# Supplied material
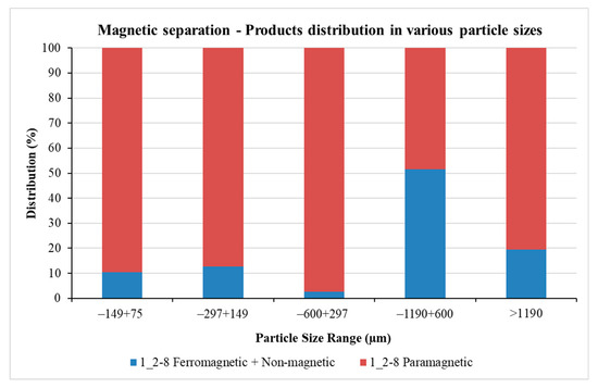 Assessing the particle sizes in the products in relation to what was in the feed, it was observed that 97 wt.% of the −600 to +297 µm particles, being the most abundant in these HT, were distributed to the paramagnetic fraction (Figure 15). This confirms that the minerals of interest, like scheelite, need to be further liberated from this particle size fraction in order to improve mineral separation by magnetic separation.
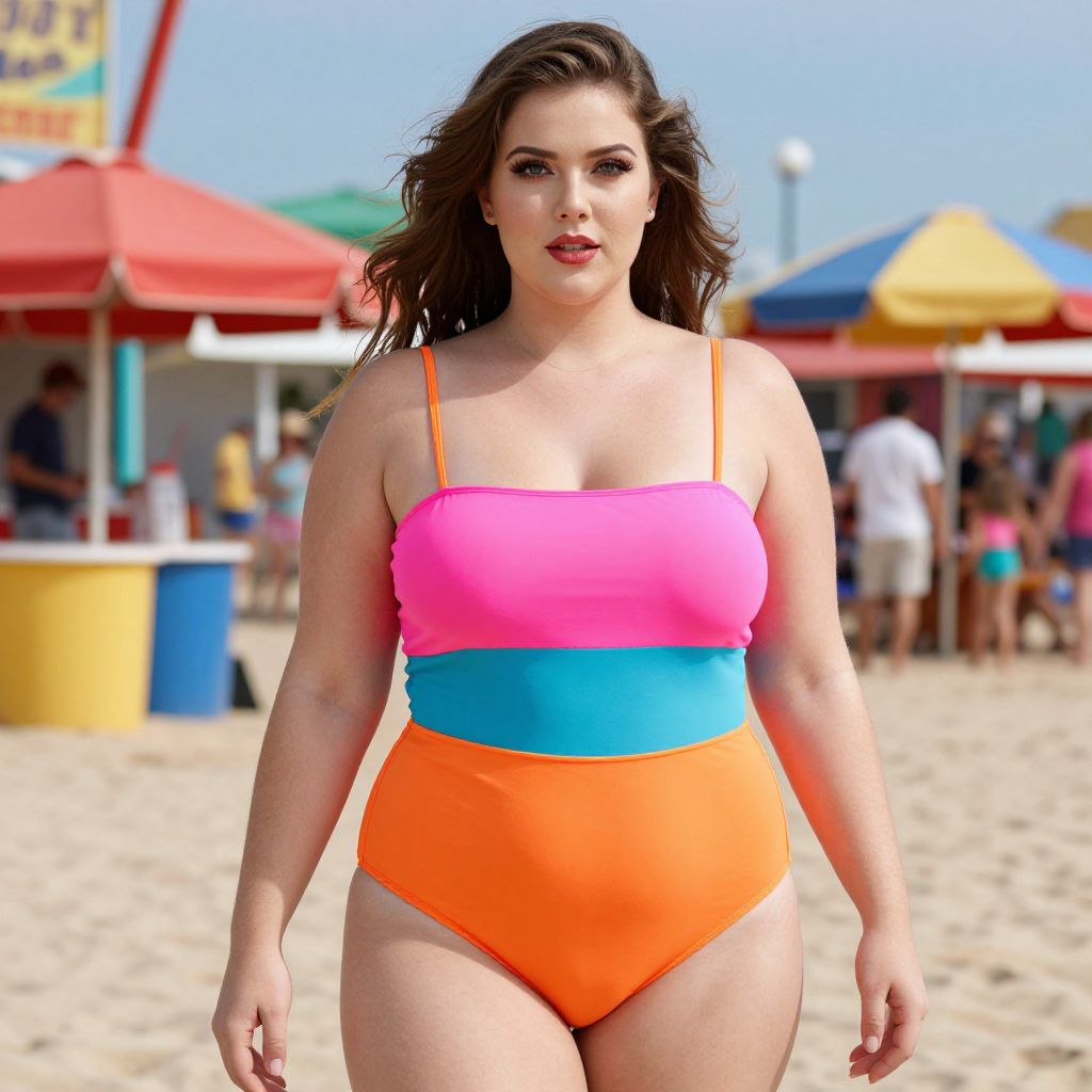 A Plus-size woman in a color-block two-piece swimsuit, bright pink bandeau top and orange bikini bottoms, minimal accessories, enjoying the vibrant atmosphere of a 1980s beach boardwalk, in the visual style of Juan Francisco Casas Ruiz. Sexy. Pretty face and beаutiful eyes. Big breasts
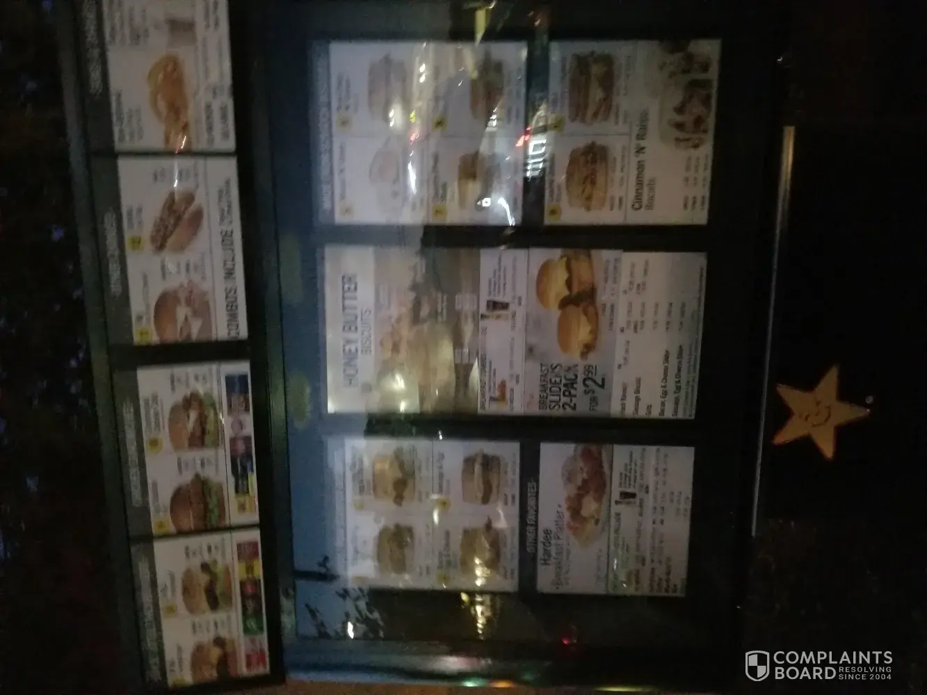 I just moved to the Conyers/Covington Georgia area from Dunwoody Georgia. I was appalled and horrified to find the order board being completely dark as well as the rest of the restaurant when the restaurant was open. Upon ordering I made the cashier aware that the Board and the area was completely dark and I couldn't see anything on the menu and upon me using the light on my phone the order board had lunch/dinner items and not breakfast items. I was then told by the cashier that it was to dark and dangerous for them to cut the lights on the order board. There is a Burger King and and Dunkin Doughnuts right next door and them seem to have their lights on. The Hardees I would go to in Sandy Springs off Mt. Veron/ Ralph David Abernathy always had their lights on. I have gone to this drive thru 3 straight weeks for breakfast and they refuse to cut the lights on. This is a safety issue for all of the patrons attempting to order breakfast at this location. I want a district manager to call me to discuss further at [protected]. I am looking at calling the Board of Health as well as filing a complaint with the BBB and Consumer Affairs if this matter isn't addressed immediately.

# Problem requirements
Could you give the listing again exactly as it stands, minus any pictures?

# Task output
 Assessing the particle sizes in the products in relation to what was in the feed, it was observed that 97 wt.% of the −600 to +297 µm particles, being the most abundant in these HT, were distributed to the paramagnetic fraction (Figure 15). This confirms that the minerals of interest, like scheelite, need to be further liberated from this particle size fraction in order to improve mineral separation by magnetic separation.
 A Plus-size woman in a color-block two-piece swimsuit, bright pink bandeau top and orange bikini bottoms, minimal accessories, enjoying the vibrant atmosphere of a 1980s beach boardwalk, in the visual style of Juan Francisco Casas Ruiz. Sexy. Pretty face and beаutiful eyes. Big breasts
 I just moved to the Conyers/Covington Georgia area from Dunwoody Georgia. I was appalled and horrified to find the order board being completely dark as well as the rest of the restaurant when the restaurant was open. Upon ordering I made the cashier aware that the Board and the area was completely dark and I couldn't see anything on the menu and upon me using the light on my phone the order board had lunch/dinner items and not breakfast items. I was then told by the cashier that it was to dark and dangerous for them to cut the lights on the order board. There is a Burger King and and Dunkin Doughnuts right next door and them seem to have their lights on. The Hardees I would go to in Sandy Springs off Mt. Veron/ Ralph David Abernathy always had their lights on. I have gone to this drive thru 3 straight weeks for breakfast and they refuse to cut the lights on. This is a safety issue for all of the patrons attempting to order breakfast at this location. I want a district manager to call me to discuss further at [protected]. I am looking at calling the Board of Health as well as filing a complaint with the BBB and Consumer Affairs if this matter isn't addressed immediately.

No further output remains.